Rendez-vous au dernier carrefour

Janvier 2011 - Janvier 2013...deux ans maintenant que je suis officiellement transsexuelle, l'heure du bilan en quelque sorte. Alors on va récapituler un peu, histoire de remettre tout ça en place et sans trop de digressions, que le plan du parcours ne ressemble pas à celui du métro.

J'ai donc commencé par consulter un psychologue clinicien avant toute chose, et après des années d'errance, de doutes, de questions, après des mois à avoir pesé le pour et le contre avec la femme que j'aime et qui me le rend au centuple. Coup de bol, ce spécialiste des questions trans a confirmé ce que je pensais être, mais qu'il m'aura fallu des années pour découvrir.

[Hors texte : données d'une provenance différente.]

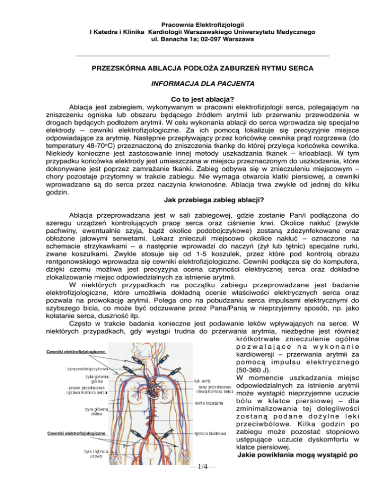 Pracownia Elektrofizjologii I Katedra i Klinika Kardiologii Warszawskiego Uniwersytetu Medycznego ul. Banacha 1a; 02-097 Warszawa ______________________________________________________________________________ PRZEZSKÓRNA ABLACJA PODŁOŻA ZABURZEŃ RYTMU SERCA INFORMACJA DLA PACJENTA Co to jest ablacja? Ablacja jest zabiegiem, wykonywanym w pracowni elektrofizjologii serca, polegającym na zniszczeniu ogniska lub obszaru będącego źródłem arytmii lub przerwaniu przewodzenia w drogach będących podłożem arytmii. W celu wykonania ablacji do serca wprowadza się specjalne elektrody – cewniki elektrofizjologiczne. Za ich pomocą lokalizuje się precyzyjnie miejsce odpowiadające za arytmię. Następnie przepływający przez końcówkę cewnika prąd rozgrzewa (do temperatury 48-70oC) przeznaczoną do zniszczenia tkankę do której przylega końcówka cewnika. Niekiedy konieczne jest zastosowanie innej metody uszkadzania tkanek – krioablacji. W tym przypadku końcówka elektrody jest umieszczana w miejscu przeznaczonym do uszkodzenia, które dokonywane jest poprzez zamrażanie tkanki. Zabieg odbywa się w znieczuleniu miejscowym – chory pozostaje przytomny w trakcie zabiegu. Nie wymaga otwarcia klatki piersiowej, a cewniki wprowadzane są do serca przez naczynia krwionośne. Ablacja trwa zwykle od jednej do kilku godzin. Jak przebiega zabieg ablacji? Ablacja przeprowadzana jest w sali zabiegowej, gdzie zostanie Pan/i podłączona do szeregu urządzeń kontrolujących pracę serca oraz ciśnienie krwi. Okolice nakłuć (zwykle pachwiny, ewentualnie szyja, bądź okolice podobojczykowe) zostaną zdezynfekowane oraz obłożone jałowymi serwetami. Lekarz znieczuli miejscowo okolice nakłuć – oznaczone na schemacie strzykawkami – a następnie wprowadzi do naczyń (żył lub tętnic) specjalne rurki, zwane koszulkami. Zwykle stosuje się od 1-5 koszulek, przez które pod kontrolą obrazu rentgenowskiego wprowadza się cewniki elektrofizjologiczne. Cewniki podłącza się do komputera, dzięki czemu możliwa jest precyzyjna ocena czynności elektrycznej serca oraz dokładne zlokalizowanie miejsc odpowiedzialnych za istnienie arytmii. W niektórych przypadkach na początku zabiegu przeprowadzane jest badanie elektrofizjologiczne, które umożliwia dokładną ocenie właściwości elektrycznych serca oraz pozwala na prowokację arytmii. Polega ono na pobudzaniu serca impulsami elektrycznymi do szybszego bicia, co może być odczuwane przez Pana/Panią w nieprzyjemny sposób, np. jako kołatanie serca, duszność itp. Często w trakcie badania konieczne jest podawanie leków wpływających na serce. W niektórych przypadkach, gdy wystąpi trudna do przerwania arytmia, niezbędne jest również krótkotrwałe znieczulenie ogólne pozwalające na wykonanie Cewniki elektrofizjologiczne kardiowersji – przerwania arytmii za pomocą impulsu elektrycznego (50-360 J). W momencie uszkadzania miejsc odpowiedzialnych za istnienie arytmii może wystąpić nieprzyjemne uczucie bólu w klatce piersiowej – dla zminimalizowania tej dolegliwości zostaną podane dożylne leki przeciwbólowe. Kilka godzin po zabiegu może pozostać stopniowo Cewniki elektrofizjologiczne ustępujące uczucie dyskomfortu w klatce piersiowej. Jakie powikłania mogą wystąpić po —!1/!4— Pracownia Elektrofizjologii I Katedra i Klinika Kardiologii Warszawskiego Uniwersytetu Medycznego ul. Banacha 1a; 02-097 Warszawa ______________________________________________________________________________ ablacji ? W czasie zabiegu lub kilkanaście godzin po nim w miejscach wprowadzenia cewników elektrofizjologicznych istnieje ryzyko wystąpienia krwiaka, przetoki tętniczo-żylnej lub tętniaka rzekomego. Ilość krwi, która przedostanie się z naczyń do otaczających tkanek może być tak duża, że konieczne będzie przetoczenie krwi lub preparatów krwiozastępczych. Wprowadzenie cewników elektrofizjologicznych do serca niesie ze sobą ryzyko przebicia serca lub aorty, gromadzenia się krwi wokół serca, bądź uszkodzenia zastawek serca. Zazwyczaj goi się to samoistnie, ale w rzadkich przypadkach wymaga zabiegu kardiochirurgicznego (z otwarciem klatki piersiowej). Ryzyko takich powikłań, w tym dodatkowo przetoki sercowoprzełykowej oraz zwężenia żył płucnych, jest nieco wyższe u chorych poddawanych ablacji żył płucnych. Innym powikłaniem jest uszkodzenie naturalnego układu elektrycznego serca. Niekiedy wymaga to wszczepienia na stałe układu stymulującego serce (tzw. rozrusznika serca). U chorych przygotowywanych do ablacji łącza przedsionkowo-komorowego uprzednio wszczepia się sztuczny rozrusznik serca na stałe. U niewielkiego odsetka tych chorych może dojść do pogorszenia wydolności krążenia, co wymaga korekty leczenia farmakologicznego lub zmiany trybu stymulacji poprzez odszczepienie dodatkowej elektrody. Ze względu na wytwarzanie wysokiej temperatury w układzie krwionośnym na końcówce cewnika lub ścianie serca może powstać skrzeplina. Tworzeniu skrzepliny przeciwdziała podawana w trakcie zabiegu heparyna, która jednak zwiększa ryzyko krwawień. Mimo to, bardzo rzadko może zdarzyć się, że skrzeplina spowoduje udar mózgu, zawał serca lub uszkodzenie innych organów. Ryzyko zatoru obwodowego jest większe u pacjentów z wszczepionymi sztucznymi zastawkami serca zwłaszcza zastawką mitralną. Zgon jako następstwo powikłań po zabiegu ablacji zdarza się bardzo rzadko, choć w przypadku ablacji pozawałowych częstoskurczów komorowych, zwłaszcza niestabilnych hemodynamicznie może wystąpić u 2,7%. U pacjentów z implantowanym kardiowerterem (ICD) podczas ablacji częstoskurczów komorowych, może zajść potrzeba interwencji z defibrylatora lub wykonania kardiowersji defibrylacji zewnętrznej, wykonania koronarografii w trybie pilnym lub przy pogarszaniu się stanu hemodynamicznego pacjenta założenie balonu wewnątrzaortalnego. Po ablacji istnieje niewielkie ryzyk

Ah oui tiens, au passage, avant tout ça, je pensais que la meilleure façon de règler mon problème serait de disparaître, soit "définitivement", car j'avais mesuré à quel point mon cas était désespéré, soit partiellement, dans une fuite à l'étranger, de l'autre côté de l'Atlantique, en abandonnant tout ce que j'avais pu connaître ici, quitte à ce que là-bas je me retrouve dans le caniveau, mais j'étais déjà arrivée à un tel point de non retour que tout m'était égal à l'époque. Je ne sais plus qui disait que les cas désespérés sont les cas les plus beaux...connerie... les cas les plus désespérés sont les cas les plus tristes et ils alimentent toujours la rubrique des faits divers à un moment donné.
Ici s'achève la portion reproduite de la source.